The goal of this project is to gather League of Legends games data from the Riot Games API and use it to train a neural network classifier. The trained model is then used to predict live League of Legends games.
Make a local copy of this repo: https://github.com/M0kY/predict-gg.git
Setup a MongoDB database either on your local machine or remote https://cloud.mongodb.com.
Create a collection named gamestats-clean
and import the data from ./dataset/gamestats-clean.json
. If you prefer to import raw data and
prepare it for training yourself create a collection named gamestats
, import the data from ./dataset/gamestats.json
and run the cleanup
script.
For gathering your own data simply follow the instruction below on how to collect training data.
Inside the folder of your local repo run
npm install
On Windows you may need to globally install windows-build-tools
.
npm install -g windows-build-tools
Create a .env
file and use .env.example
as template. Set the database connection info.
The RIOT_API_KEY
is required for making API request to the Riot Games API and can be obtained by registering a developer account on http://developer.riotgames.com.
When gathering data you need to provide a STARTING_MATCH_ID
and the BATCH_SIZE
which the script then uses to create a range to loop in. The default value for STARTING_MATCH_ID is a random match played in the EUROPE_WEST
region and BATCH_SIZE
is set to 1000
.
In the end the dataset won't be of the same size as BATCH_SIZE
due to not all game IDs in the range being valid IDs or the queue type not being RANKED_5x5_SOLO
.
By default the stats for each player in a given game are the average of the
last 30
games the player played the same champion. The number of games is defined by GAMES_PER_PLAYER
.
The collected datapoints for each player are the following:
teamId
championId
spell1Id
spell2Id
championMastery
numberOfGames
gameDuration
visionScore
longestTimeSpentLiving
kills
damageDealtToObjectives
totalDamageTaken
damageSelfMitigated
assists
totalDamageDealtToChampions
visionWardsBoughtInGame
deaths
win
firstBloodAssist
totalTimeCrowdControlDealt
tripleKills
neutralMinionsKilled
damageDealtToTurrets
largestMultiKill
wardsKilled
largestKillingSpree
quadraKills
teamObjective
neutralMinionsKilledTeamJungle
firstInhibitorKill
combatPlayerScore
largestCriticalStrike
goldSpent
objectivePlayerScore
totalDamageDealt
neutralMinionsKilledEnemyJungle
wardsPlaced
turretKills
firstBloodKill
goldEarned
killingSprees
unrealKills
firstTowerAssist
firstTowerKill
champLevel
doubleKills
inhibitorKills
firstInhibitorAssist
pentaKills
totalHeal
totalMinionsKilled
timeCCingOthers
goldPerMinDeltas[0-10]
goldPerMinDeltas[10-20]
creepsPerMinDeltas[0-10]
creepsPerMinDeltas[10-20]
xpPerMinDeltas[0-10]
xpPerMinDeltas[10-20]
damageTakenPerMinDeltas[0-10]
damageTakenPerMinDeltas[10-20]
From the dataset 10
items are used for testing the model while the rest are used for training. This is defined by the TEST_BATCH_SIZE
variable.
First collect the training data by running
npm start
There is a limit to the number of available API call that can be made in a specific timeframe. It is possible to run multiple instances of the script for different regions since the limit is region based. The average time to collect a single game with the default settings is ~7 mins.

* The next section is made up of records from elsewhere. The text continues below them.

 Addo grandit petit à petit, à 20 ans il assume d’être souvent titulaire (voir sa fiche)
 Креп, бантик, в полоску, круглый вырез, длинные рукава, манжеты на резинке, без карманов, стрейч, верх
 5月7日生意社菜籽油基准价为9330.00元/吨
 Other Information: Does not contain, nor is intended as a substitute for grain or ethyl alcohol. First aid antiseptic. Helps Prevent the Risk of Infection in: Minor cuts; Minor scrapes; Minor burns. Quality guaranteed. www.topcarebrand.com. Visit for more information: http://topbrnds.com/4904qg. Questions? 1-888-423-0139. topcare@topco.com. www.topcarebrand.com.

When there is a big enough collection of gathered games run the cleanup script to prepare data for training and save it in a new collection named gamestats-clean
.
npm run cleanup
To train the classifier run
npm run classify
With the trained model it is now possible to predict a live game by running the following script with the region and summonerName arguments.

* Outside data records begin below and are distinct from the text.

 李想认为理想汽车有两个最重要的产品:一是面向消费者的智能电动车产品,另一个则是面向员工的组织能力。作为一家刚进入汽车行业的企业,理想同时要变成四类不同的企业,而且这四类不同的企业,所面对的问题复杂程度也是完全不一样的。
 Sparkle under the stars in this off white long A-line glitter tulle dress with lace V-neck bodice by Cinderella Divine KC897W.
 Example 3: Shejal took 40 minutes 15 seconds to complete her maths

npm run livegame "region" "summonerName"
There are a few really important factors that play a role in the accuracy of the classifier. The main one is the fact the game itself has a matchmaking algorithm implemented. It's goal is to field two teams with close to equal chances of winning. The other factor is the assumption that high ranking games are harder to predict then lower ones. This is due to the fact on high levels of play players generally know the capabilites of the champion they play and thus perform decently in most cases. In such games team play and individual decison making gains more, while raw stats lose influence in the outcome of the game. However more testing is needed to confirm these claims.
This project is licensed under the MIT License - see the LICENSE file for details.